The emergence of the modern coin collector
The nineteenth century was a transition period during which interest in numismatic coins spread from the very wealthy to people of more modest means. This change can be attributed to a rise in living standards, as well as the spread of literacy and general education opening up new horizons. People had more time to think beyond meeting their basic needs. Learned societies were set up to study science, natural history, antiquities, and many other different matters. An interest in coin collecting developed in a similar spirit.
Change in the coin production and design also prompted an increased awareness of both the contemporary coinage of the period and the older coinage that was disappearing from circulation. For example, following the Californian Gold Rush in the 1840s, and a major redesign of American coinage in the 1850s, contributed to a significant rise in the numbers of people collecting numismatic coins. In 1858, a group of New York collectors established the American Numismatic Society to pursue the scientific study of coins and their historical significance. In the following years this Society built up a major collection of rare US coins and associated literature. Today the society’s collection of coins and medals numbers around the one million mark with about 100,000 related books in its library.
Coin news was made in 1888 when Dr. Heath of Monroe, Michigan, produced a prototype coin magazine – “THE NUMISMATIST.” Dr. Heath’s distance from the main urban and commercial centers limited his abilities to acquire new rare currency for his collection. Printing and distributing information about the rare currency he wanted to buy or swap was an innovative approach to the challenges he faced in developing his collection. His magazine caught the interest of fellow collectors and the number of subscribers increased. In 1891 he suggested setting up an American Numismatic Association (ANA) to further interest in coin collecting through national conventions as well as publications. The granting of a Federal Charter in 1912 indicated the success achieved over such a short period. Currently the ANA possesses a numismatics library of international renown, and an impressive Money Museum in Colorado with 250,000 items.
Collector Coins Online
The profusion of advertisements for coins for sale in specialist magazines and online shows how what was once an exclusive “high society” hobby has gained a wide popularity. From the humble beginnings of coin journalism in the late 1880s, a vast empire of Websites and publications has sprung up. In addition to journalistic output, the appeal of coin collecting has also been recognized by states around the world. Although gold and silver coins are no longer in regular circulation, governments of many countries now appreciate the value of minting gold bullion coins for sale to collectors and investors.

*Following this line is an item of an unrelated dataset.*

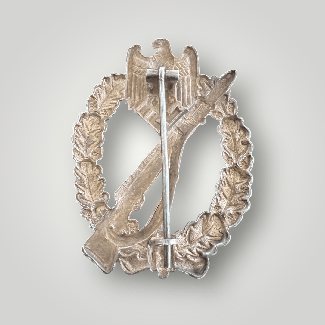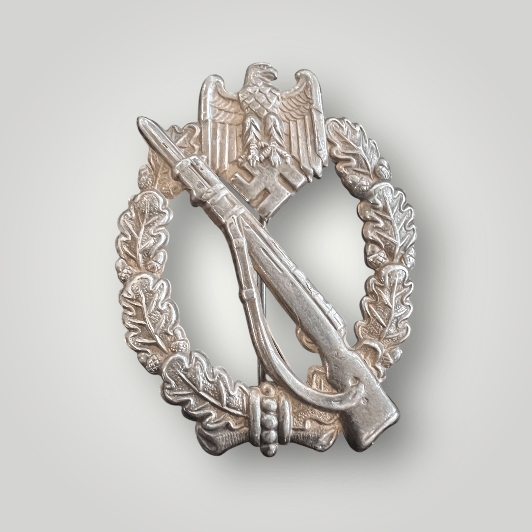 An original German WW2 Infantry Assault Badge Silver by Otto Shickle combat award, constructed in tombac silver plated. The badge features an oval-shaped wreath of oak leaves, surmounted by the German national eagle clutching a swastika, with a rifle and fixed bayonet crossing the centre of the badge. The reverse of the Infantry Assualt Badge is hollow with a classic barrel hinge, vertical pin assembley and a flat wire catch attributed to the desirable maker Otto Shickle. A very nice rare badge in good condition.

Certainly interest in error coins and other kinds of rare currency has received a major boost in the recent recession with the collapses of banks and leading businesses encouraging people to seek out stable investments. While there are many buyers who are still primarily motivated by the design and historical interest of collector coins, the many new “investor” collectors seem certain to continue to raise the profile of coin collecting even higher in the public eye.